After pretraining, adversarial training was applied using non-saturating adversarial loss, which helps produce images with sharp edges and high-frequency details.

The diffusion model was trained on the ϵ-prediction objective with timesteps sampled uniformly from [0, 1].

The training involved predicting noise added to high-resolution images, with the low-resolution images used as conditions.

This method relies on a variance-preserving noise schedule to ensure gradual refinement of the images.

Findings and Analysis

Published in our paper, these findings reveal several vital insights that challenge the contemporary prevailing narrative in the field.

As discussed earlier, while diffusion models have been dominant in their ability to handle complex, multi-modal data and produce high-quality outputs, the controlled experiments conducted in this study shed new light on the capabilities of GANs, particularly when scaled and trained under comparable conditions.

As experimental findings will reveal shortly in the article, GANs can achieve results comparable to Diffusion models across various ISR tasks when scaled appropriately.

Despite the perception that Diffusion models are superior, GANs performed similarly in terms of critical metrics like PSNR (Peak Signal-to-Noise Ratio), SSIM (Structural Similarity Index), LPIPS (Learned Perceptual Image Patch Similarity), and a recent no-reference CLIP-IQA metric.

Let’s dive in!

1) Training time and convergence

Notably (and here’s the first key difference between the GAN and diffusion model), the pretraining and adversarial training for the GAN-based SR models required approximately three days to complete 140,000 iterations, while training the diffusion models, with the same resources, took around two weeks.

Training time comparison (Image by Valerii Startsev)

Of course, we optimized the memory consumption and facilitated working with larger batch sizes using techniques like Fully Sharded Data Parallel (FSDP).

However, despite this optimization, we observed that GANs converge faster than diffusion models in all stages (the L1 pretraining and the adversarial training stage).

The following table depicts this:

Green regions correspond to significant improvements over the previous step. Three evaluations without improvement (in gray) in a row indicate convergence (Image source: Paper)

GAN models stabilize at 40x iterations.
For the model to fully converge, diffusion models require about 620k iterations of L2 pretraining on cropped images.

Takeaway

This is a revealing observation, indicating that GANs built at scales similar to diffusion models take less time to train and converge faster.

While this is good, we still wanted to verify whether faster convergence resulted in similar performance.

Subsequent sections discuss this.

2) Quantitative comparison

The following table from the paper depicts a quantitative comparison between GAN, Diffusion SR, and current state-of-the-art on 4x Image Super Resolution task:

Quantitative comparison between GAN, Diffusion SR, and current state-of-the-art (Image source: Paper). Red denotes best results; blue denotes second best result.

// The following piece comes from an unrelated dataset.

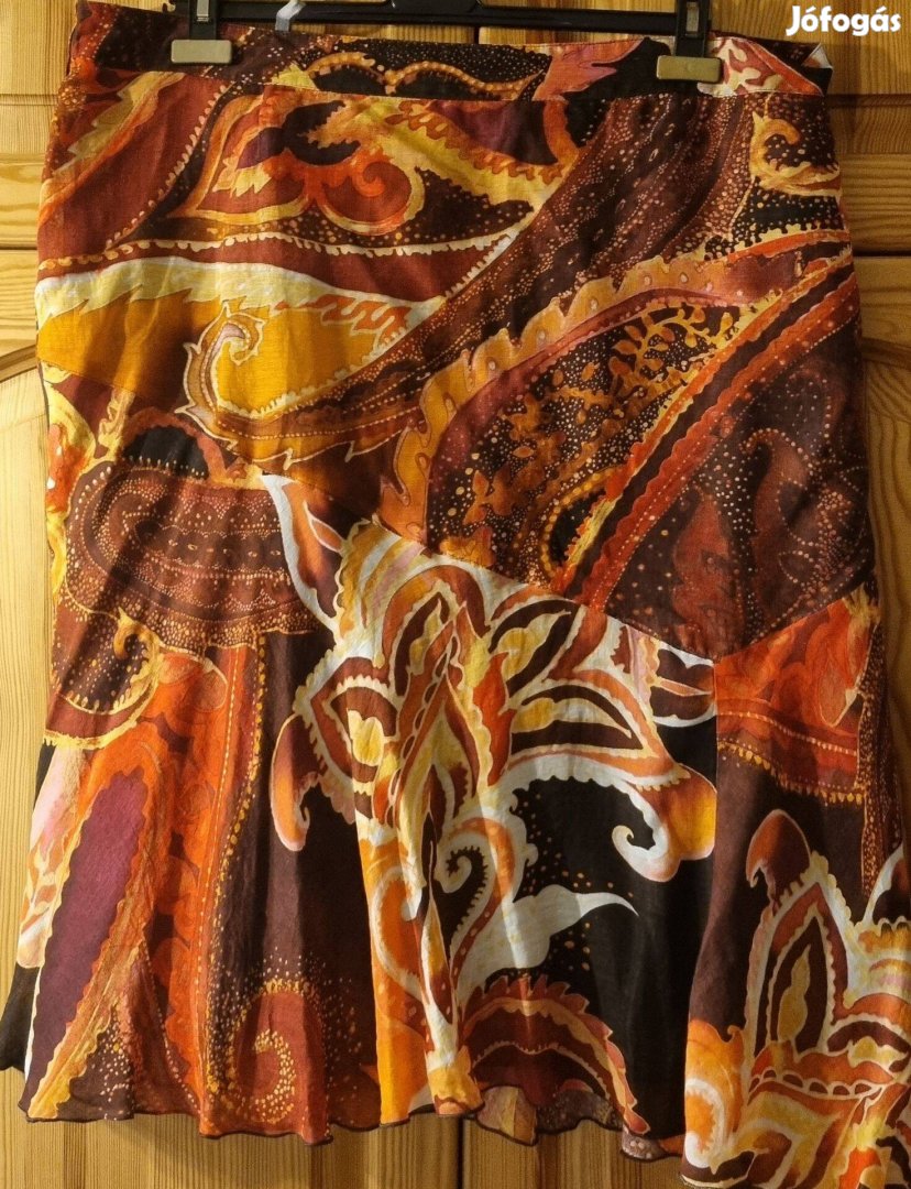 Eladó Újszegeden a képen látható mintás elasztikus szaténból női térd alatti, béleléses szoknya, derékbőség: 104 cm +gumi, hossza: 69 cm. Ára: 700 Ft.

From the above table, it is clear that in 3 out of 4 cases, GANs outperform diffusion models trained on a similar scale and computation budget.

Takeaway

Yet again, the insights are pretty revealing.

GANs, when scaled appropriately and trained under comparable conditions to diffusion models, can not only match but, in many cases, exceed the performance of diffusion models in image super-resolution tasks.
This finding, coupled with the training time and convergence takeaway, suggests that the faster convergence of GANs does not come at the cost of performance. It often leads to better or equivalent image quality compared to diffusion models.

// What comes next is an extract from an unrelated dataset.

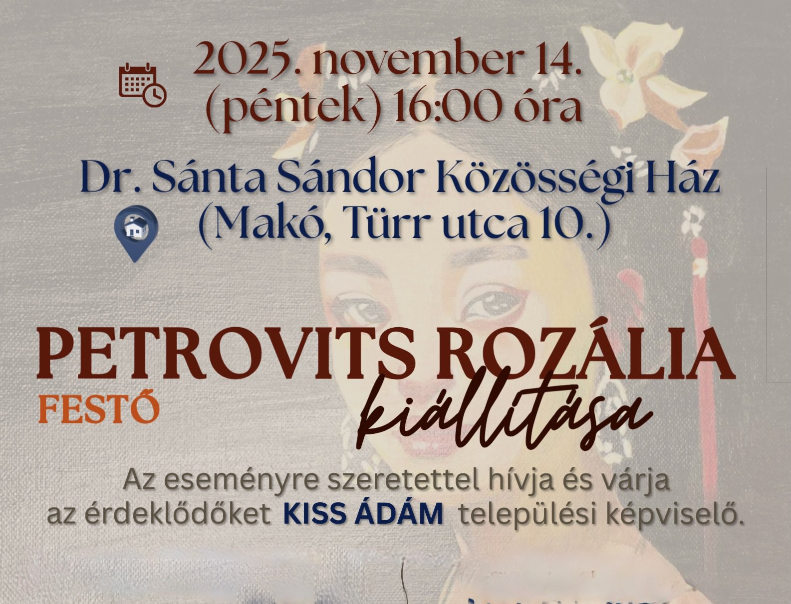 A megnyitón a Makói Ifjúsági Roma Folklór Együttes működik közre. A megnyitóra mindenkit szeretettel vár Kiss Ádám települési képviselő. Petrovits Rozália tárlata november 27-ig tekinthető meg.

Moreover, these findings challenge the growing perception that diffusion models are (somewhat) universally superior for all generative tasks.

3) Visual comparison

The figure below presents a visual comparison between the GAN and diffusion SR model from our work and the baselines on SR (the third column is for the diffusion model, and the fourth column is for GAN):

Visual samples from several models (Image source: Paper)

Zooming in on some specific instances, it is noticeable that GANs (2nd column below) produce a slightly finer (or similar) level of detail and super-resolution in the diffusion model (1st column below):

Visual samples between diffusion model (left column) and GAN (right column) (Image source: Paper)

4) Text conditioning

Lastly, we also explored the impact of textual conditioning by integrating text captions into the models using two types of text encoders:

Our internal CLIP-like model — XL
A UMT5 encoder

The figure below depicts these results, where each bar is for one of the three human annotators. Every bar represents how many times a human annotator preferred text-conditional models (XL, in green), the unconditional model in blue), or marked both as equal (orange).

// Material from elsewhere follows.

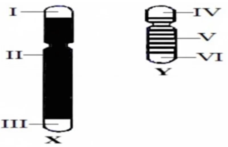 Câu 10. Các vùng trên mỗi nhiễm sắc thể của cặp nhiễm sắc thể giới tính XY ở người được ký hiệu bằng các chữ số La Mã từ I đến VI như hình bên dưới. Trong cặp nhiễm sắc thể giới tính này, vùng tương đồng giữa nhiễm sắc thể X và nhiễm sắc thể Y gồm các vùng nào sau đây?

Comparison between preference for test-assisted generation (green) and no-text generation as evaluated by annotators. (Image source: Paper)

While the above plot is for our internal CLIP-like model — XL, the below figure is a similar graphic for the UMT5 encoder:

Takeaway

This suggests that global-level semantic information from captions may be less beneficial for the ISR task.

In other words, additional text-conditioning does not noticeably improve image quality (as perceived by our annotators).

Conclusion

With this, we come to the end of this article, distilling our recent paper, which did a thorough study of GANs and diffusion models.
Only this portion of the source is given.